We also studied how duplication affects a GRN’s ability to find new phenotypes through mutation. Congruently with our results on mutational robustness, we found that post-duplication mutational access to new phenotypes changes in a different manner for GRNs that preserve the original phenotype after duplication and for those that do not preserve it. After duplication, the number of phenotypes within reach of single mutations decreases for duplication-resistant GRNs but it increases for duplication-susceptible GRNs. When we check mutational access of new phenotypes after adding a new gene unrelated to other network genes, we note that it always increases. Thus, the effect that we observe after duplication is not merely due to the change in network size.

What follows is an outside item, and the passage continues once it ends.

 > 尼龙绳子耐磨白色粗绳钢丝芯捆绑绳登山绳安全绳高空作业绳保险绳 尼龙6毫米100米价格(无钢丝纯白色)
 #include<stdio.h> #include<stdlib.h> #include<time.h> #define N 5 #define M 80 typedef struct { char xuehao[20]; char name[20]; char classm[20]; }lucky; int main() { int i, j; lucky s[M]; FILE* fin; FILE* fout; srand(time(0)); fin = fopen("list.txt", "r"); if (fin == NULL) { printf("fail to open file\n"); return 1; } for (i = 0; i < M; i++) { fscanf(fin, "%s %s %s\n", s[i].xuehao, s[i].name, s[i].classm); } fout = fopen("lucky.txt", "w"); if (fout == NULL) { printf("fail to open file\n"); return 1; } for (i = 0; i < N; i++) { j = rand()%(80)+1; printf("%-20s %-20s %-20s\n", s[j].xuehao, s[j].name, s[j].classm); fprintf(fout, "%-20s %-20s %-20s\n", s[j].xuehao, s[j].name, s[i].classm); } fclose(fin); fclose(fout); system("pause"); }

Gene duplication not only changes the number of phenotypes accessible through mutation. It also changes which phenotypes are accessible. Importantly, duplication-resistant GRNs after duplication retain mutational access to most of the phenotypes it could reach before duplication. GRNs that acquire a random non-duplicate gene do not. Importantly, those recurrently accessible phenotypes in duplication-resistant GRNs are more similar to the original phenotype. They also were the ones that, in the network before duplication, had a greater number of different mutations leading to them. That is, they were the ones that had easier mutational access. These observations suggest that gene duplication perturbs little a network’s ability to access the phenotypic variants that were within reach before duplication.

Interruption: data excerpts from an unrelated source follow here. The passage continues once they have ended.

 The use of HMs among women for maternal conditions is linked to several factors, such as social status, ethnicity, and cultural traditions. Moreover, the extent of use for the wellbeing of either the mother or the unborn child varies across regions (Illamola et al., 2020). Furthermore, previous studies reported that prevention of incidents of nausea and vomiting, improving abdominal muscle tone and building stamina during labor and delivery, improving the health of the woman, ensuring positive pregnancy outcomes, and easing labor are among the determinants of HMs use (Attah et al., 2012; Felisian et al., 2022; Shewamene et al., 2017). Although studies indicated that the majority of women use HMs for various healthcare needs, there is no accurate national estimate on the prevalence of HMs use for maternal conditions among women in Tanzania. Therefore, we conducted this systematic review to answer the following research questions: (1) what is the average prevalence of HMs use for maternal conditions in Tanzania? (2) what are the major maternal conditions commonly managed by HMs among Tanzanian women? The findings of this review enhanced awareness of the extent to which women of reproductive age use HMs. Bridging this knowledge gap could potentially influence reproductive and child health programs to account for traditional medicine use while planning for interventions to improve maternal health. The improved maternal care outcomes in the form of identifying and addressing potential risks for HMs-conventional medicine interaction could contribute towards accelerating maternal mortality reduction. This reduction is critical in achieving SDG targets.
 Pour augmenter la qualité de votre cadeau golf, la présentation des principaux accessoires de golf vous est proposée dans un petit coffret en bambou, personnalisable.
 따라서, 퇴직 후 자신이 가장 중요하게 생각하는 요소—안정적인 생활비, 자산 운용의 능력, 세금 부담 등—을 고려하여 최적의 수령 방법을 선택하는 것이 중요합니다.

Taken together, our results support that duplication of regulator genes in gene regulatory networks often mitigates the impact of new mutations. Research on the relationship between mutational robustness and evolvability may help to reconcile this observation with the apparent role of gene duplication for adaptive evolution and innovation [1, 2, 18, 21, 22, 108]. An increase in mutational robustness allows a population to accumulate more cryptic genetic variation, which does not manifest phenotypically. This surplus genetic variation may eventually translate into a wider exploration of new phenotypic variants, increasing the chances of finding new beneficial variation [33,34,35,36].

Our work is consistent with a perspective in which gene duplication, even if not initially beneficial, allows biological systems to be better poised to respond to new evolutionary challenges. Hence, it is an expected result that evolution of metabolic capabilities almost from scratch occurs through adjustment of previously existing duplicates, many of them involved in transcriptional regulation [22]. In this perspective, retention of duplicates may be specially useful in populations that face frequent environmental changes, as shown in simulations of the evolution of GRNs under fluctuating environments [57] and also for invasive species [41]. Most of our observations are specific for duplication and not a mere consequence of change in network size. This is congruent with previous observations on simulations of the evolution of GRNs that suggest that network growth through addition of non-duplicate genes is not a significant factor for evolvability [109].

Too much additional experimental, theoretical and computational work is necessary for a better comprehension of the role of gene duplication in the evolution of gene regulatory networks. Here we focused on the early effects of gene duplication on the ability to produce a gene expression pattern when network dynamics start from a specific initial condition. Notwithstanding, in multicellular organisms, the network of gene interactions must be able to drive different cells from different initial conditions to distinct stable gene expression patterns. Addressing how duplication affects the different expression patterns that a network can produce is one of the many directions yet to follow.